Un incipiente sector siempre trae aparejado una industria auxiliar. Y, en el caso de algo potencialmente tan lucrativo como 40.000 millones de dólares anuales —a escala global— aunque sean a largo plazo, un ejemplo de esta es la de las predicciones. Ya mencionamos a KPMG, pero muchas otras consultoras han intentado lanzar sus estimaciones de cara al futuro.

Un ejemplo de ellas es la inglesa You Gov, que llevó a cabo una encuesta de más de 19.000 personas entre sus 27 delegaciones sobre sus comportamientos en relación al transporte después del estallido del coronavirus. Su principal objetivo era ver cómo habían cambiado sus percepciones con respecto a los servicios de movilidad y a lo abiertos que estuvieran hacia la compra online.

El principal hallazgo, en lo que al primer pilar se refiere (la movilidad) fue que el estallido de la crisis sanitaria retrasó la adopción de fórmulas como el coche compartido o la suscripción y que los ciudadanos siguieron prefiriendo el vehículo particular.

“La necesidad de movilidad y transporte seguirá en aumento”, afirman sus analistas. “Sin embargo, todavía no se han desarrollado servicios con una gran presencia global, aunque este cambio podría ocurrir rápidamente”. De momento, el Grupo Volkswagen se ha fijado tres años de plazo para lanzar su filial Moia, enfocada en furgonetas autónomas, en Hamburgo. 

De camino a la omnicanalidad 

La transición a internet ha afectado a la industria del automóvil de forma tangible, con más acceso a la información, la comparación simultánea entre diferentes modelos y portales e, incluso, la reciente introducción de la financiación y la compra online. Sin embargo, para la gran mayoría de los compradores, el último paso para comprar un vehículo sigue siendo idéntica a como lo era hace 50 años. 

Desde 2020, un 16% de las compras globales de coches se han hecho de forma virtual. La mayor parte de estas, un 11%, se hicieron al concesionario, lo cual demuestra aquí la oportunidad de cara al futuro. Pero no todos los mercados son creados iguales, y es sorprendente que Europa y EEUU estén por debajo de este umbral medio, con un 12% y un 9%, respectivamente. 

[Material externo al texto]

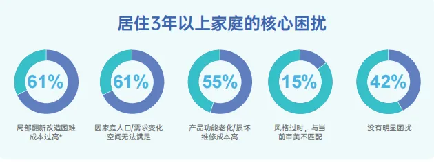 静态空间与动态生活的冲突,引发的未来锁死难题,本质上是行业“一次性交付”思维的必然结果。从二人世界到三口之家,甚至多代同堂,家庭结构与生活需求的变化是必然规律,但当前多数装修仍采用“固化设计”“一次性采购”模式。数据显示,61%居住3年以上的家庭,因改造成本高、怕破坏装修,放弃局部翻新;55%的消费者面临产品老化损坏,维修成本高的问题。“当初重金打造的潮流空间,最终因无法适配生活变化而沦为鸡肋”,这背后是行业对居住需求的短期化认知,忽视了家的成长属性。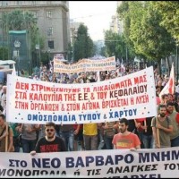 Nous avons le pouvoir de rejeter ce memorandum, les patrons et les directions des syndicats vendues pour demander immédiatement des mesures pour nous rétablirs, nous les travailleurs dans nos droits » Communiqué du PAME 13 juillet 2015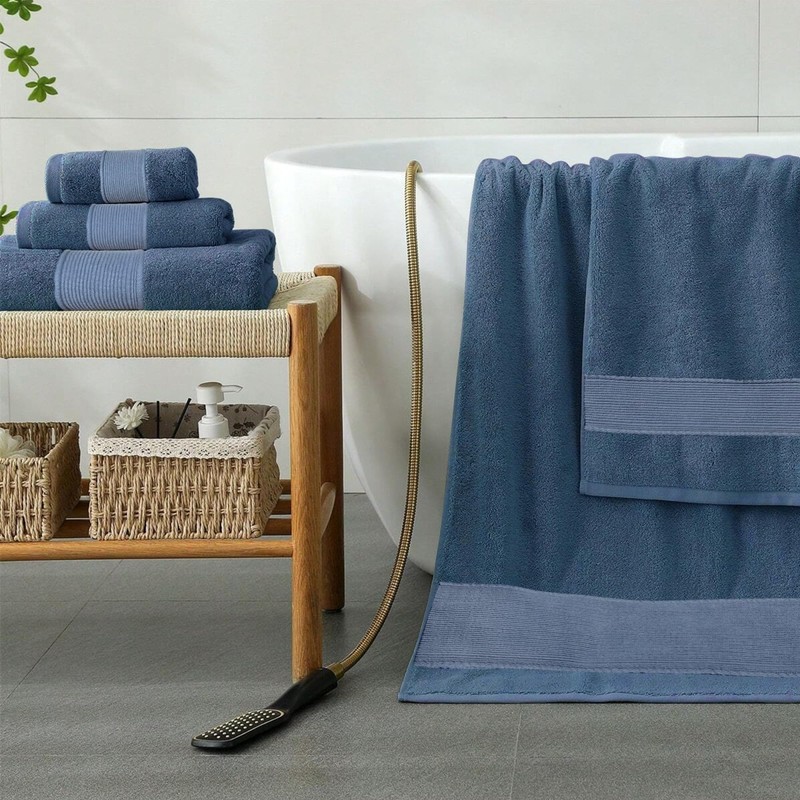 - Elegant Design in Three Colors: Available in classic blue, white, and gray, the towel set complements any bathroom decor. The elegant embroidery adds a touch of sophistication, making these towels not only functional but also visually appealing.

Los países que encabezaron la clasificación son China (35%), India (31%), Emiratos Árabes Unidos (29%) y Hong Kong (28%). Y aunque la consultora anota que la demanda de experiencias digitales va en aumento —casi todos los encuestados afirmaron que no rechazarían comprar su próximo coche en internet—, también afirma que los clientes europeos valoran mucho elementos presentes en el modelo de venta tradicional.

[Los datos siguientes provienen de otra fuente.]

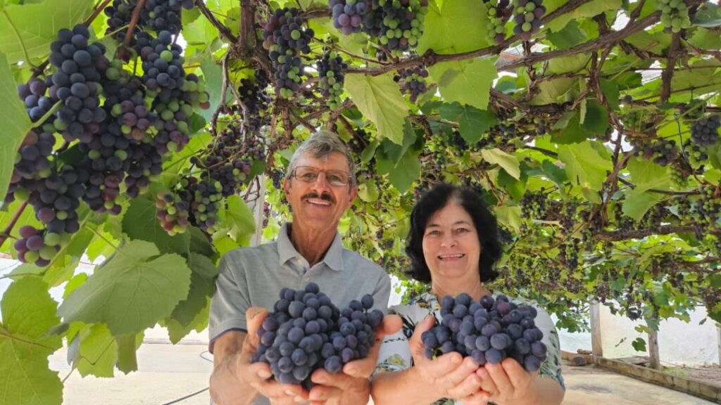Cezar e Maria da Penha recebem os visitantes todos os dias durante o período da colheitaO feito inédito é fruto da dedicação do casal Cezar Huber e Maria da Penha, que cultiva as videiras da variedade Isabel há cerca de 18 anos. “Já tivemos colheitas acima de 450 quilos, mas neste ano a produção vai ser recorde. Deve ultrapassar os 500 quilos”, afirma Cezar, orgulhoso do resultado.

Algún ejemplo de estos son la capacidad de entregar el coche antiguo como parte del pago, recibir una atención personalizada y de calidad —en este aspecto España quedó por debajo de la media europea, siendo menos exigentes que nuestros vecinos— o la capacidad de negociar el precio en persona. Curiosamente, en este último aspecto, tanto los compradores físicos como virtuales pensaban que tenían la ventaja sobre los demás.

Pero realizar un estudio de esta magnitud no tendría sentido sin llegar a conclusiones. You Gov toma como referencia EEUU, pero el perfil es similar al presente en el Viejo Continente. El próximo comprador digital en Occidente será un hombre millennial con ingresos altos, interesado en la tecnología como factor de cambio social (incluyendo realidad aumentada e inteligencia artificial), en la sostenibilidad, alta presencia en redes sociales e interesado en marcas como Volkswagen, Audi, Volvo y Tesla.

Sin embargo, para que funcione este mercado incipiente, es imprescindible que se lleve a cabo de manera completamente flexible, con soluciones digitales y físicas que estén a la altura de la expectativa del cliente. Aunque, sinceramente, cabe preguntarse hasta qué punto tienen realmente altas las expectativas clientes que nunca han probado un nuevo método de compra.